Well, it’s January, it’s cold and it’s the time of year that you persuade to yourself that you need to make a real effort to do all the things you said you’d do last year. I had a few this year, but one of them was to post a blog about one or two of the terrain projects which I worked on last year for the TooFatLardies display games of “Through the Mud and the Blood”.
Over the last year, a few people have asked me how we went about building an 8 foot x 8 foot set of terrain boards featuring wargaming terrain from the Western Front in the Great War. Richard Clarke kindly asked me to add an article on the terrain to the TFL Summer Special all about the construction of the boards. As articles in magazines go, I was pretty happy about it, but not everyone has a copy and, well, there’s only so much you can put into an article.
So, to try and spread the word about how we went about building the terrain, here’s a blog which sets out my terrain constructing entertainment from 2009, and brings people right up to date with my plans for 2010.

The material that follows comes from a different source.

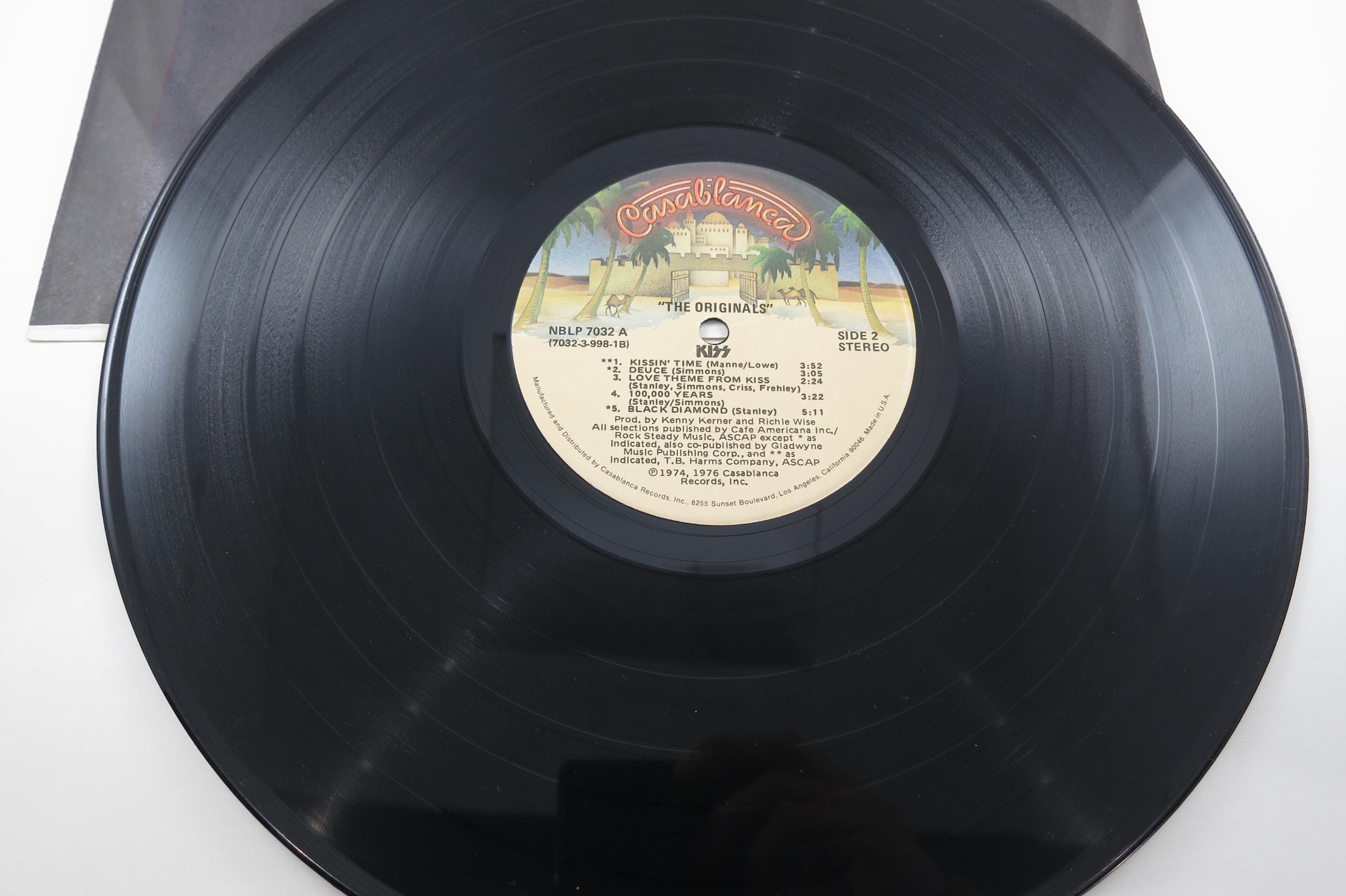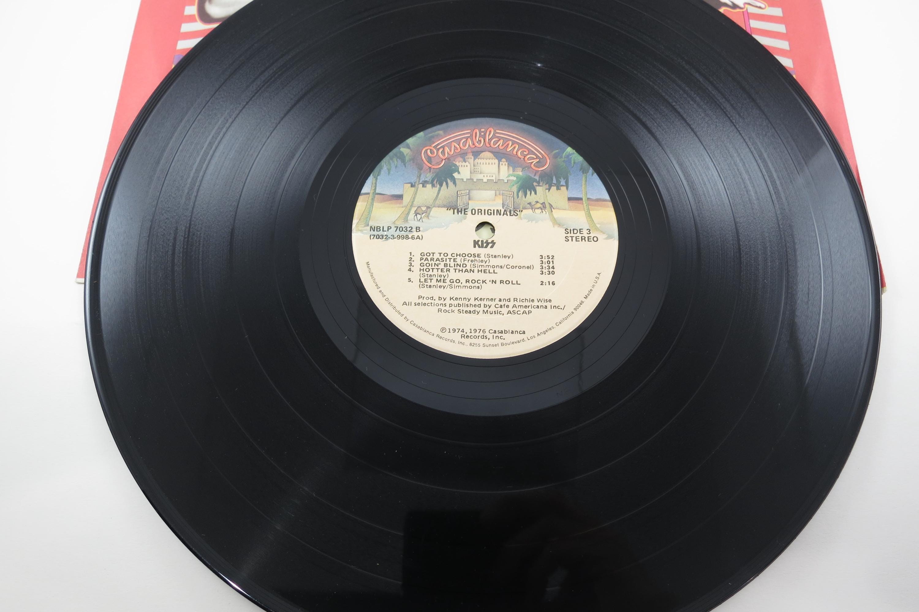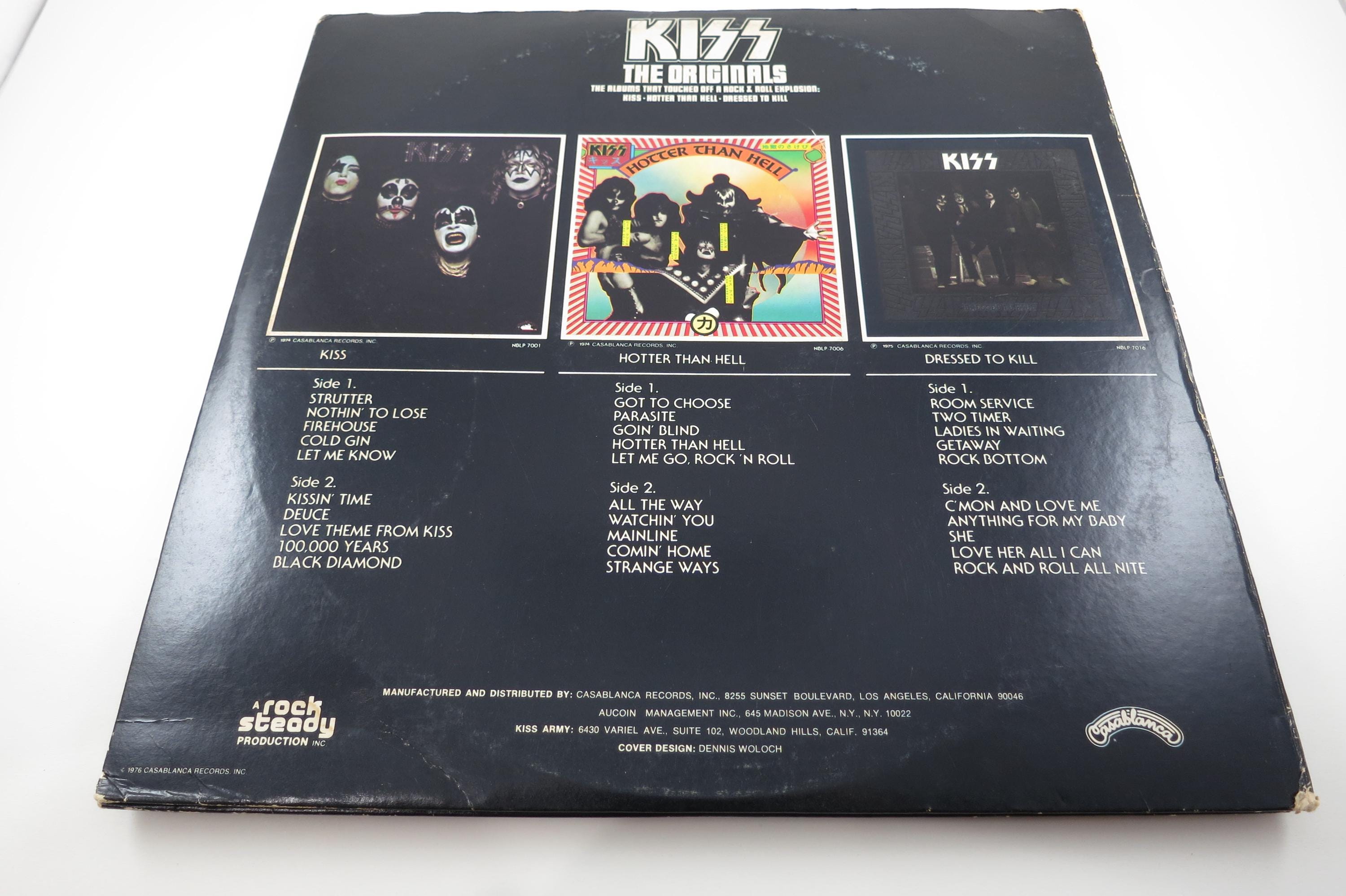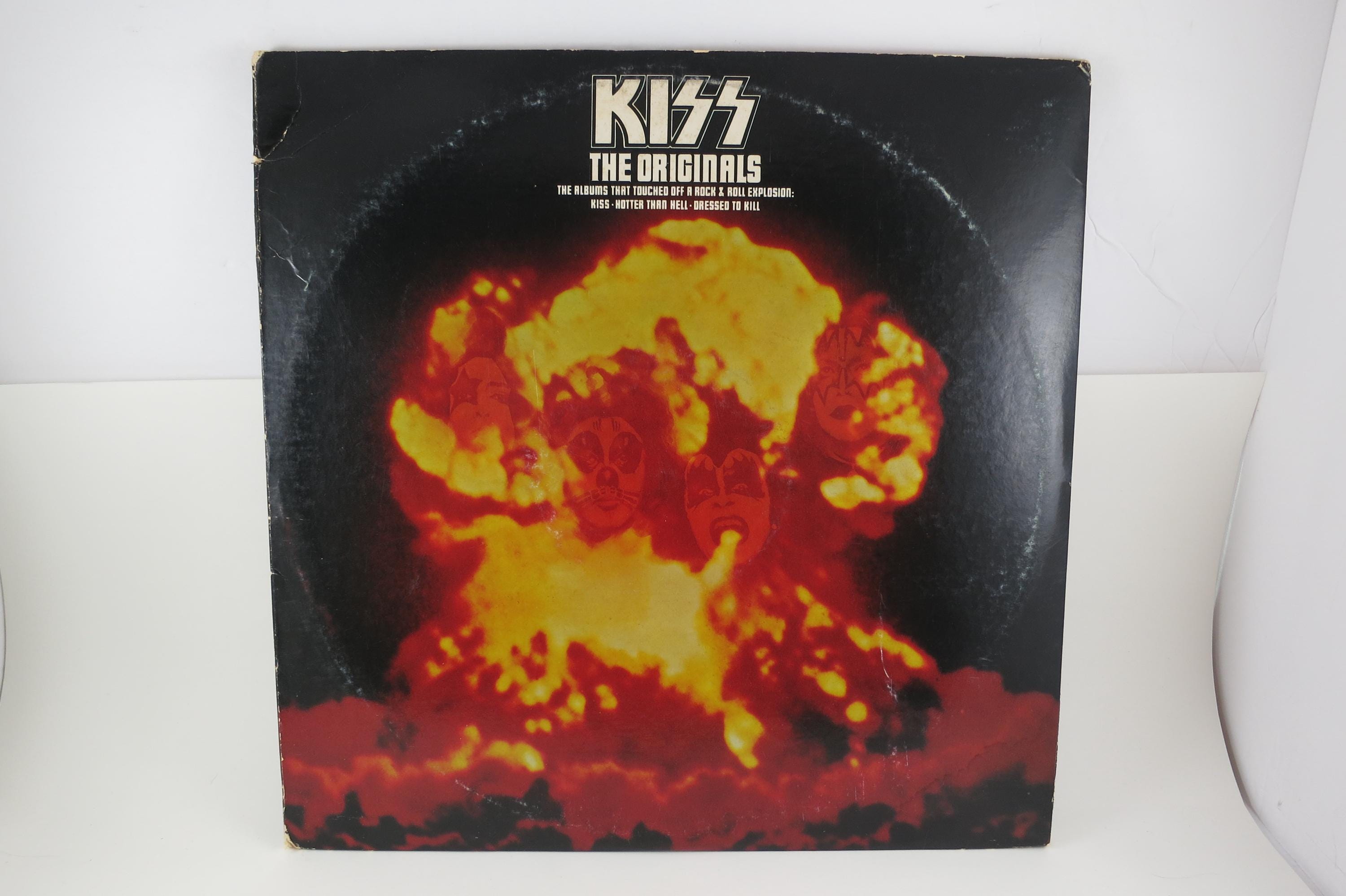 Vintage 1976 Vinyl LP Record Set Kiss The Originals Excellent with All Inner Sleeves and Book. Original cover is in excellent condition. All three records have their original inner sleeves, which is a copy of the front and back of the original albums, and also includes the original Kiss Booklet. All three records are excellent and play perfectly. A great chance to get this at a decent price!! Tracks are as follows

Thinking back, I don’t quite know how it happened. In the space of a few short hours in November 2008, I had arrived at the St Albans wargames club at the Fleetville Community Centre for a light-hearted game of “Bag the Hun” and ended up with a new project. Well, that’ll teach me to make a cup of coffee in the kitchen when someone’s looking for volunteers. The project seemed pretty simple when I agreed to it. Richard Clarke wanted to have a crack at producing some trench terrain for his new World War One rules, “Through the Mud and the Blood”. How hard could that be? Piece of cake, surely? I’d made plenty of terrain before and that hadn’t taken too long. I’d even made a set of terrain boards for the TFL game at Salute in 2005, and that’d been simplicity itself.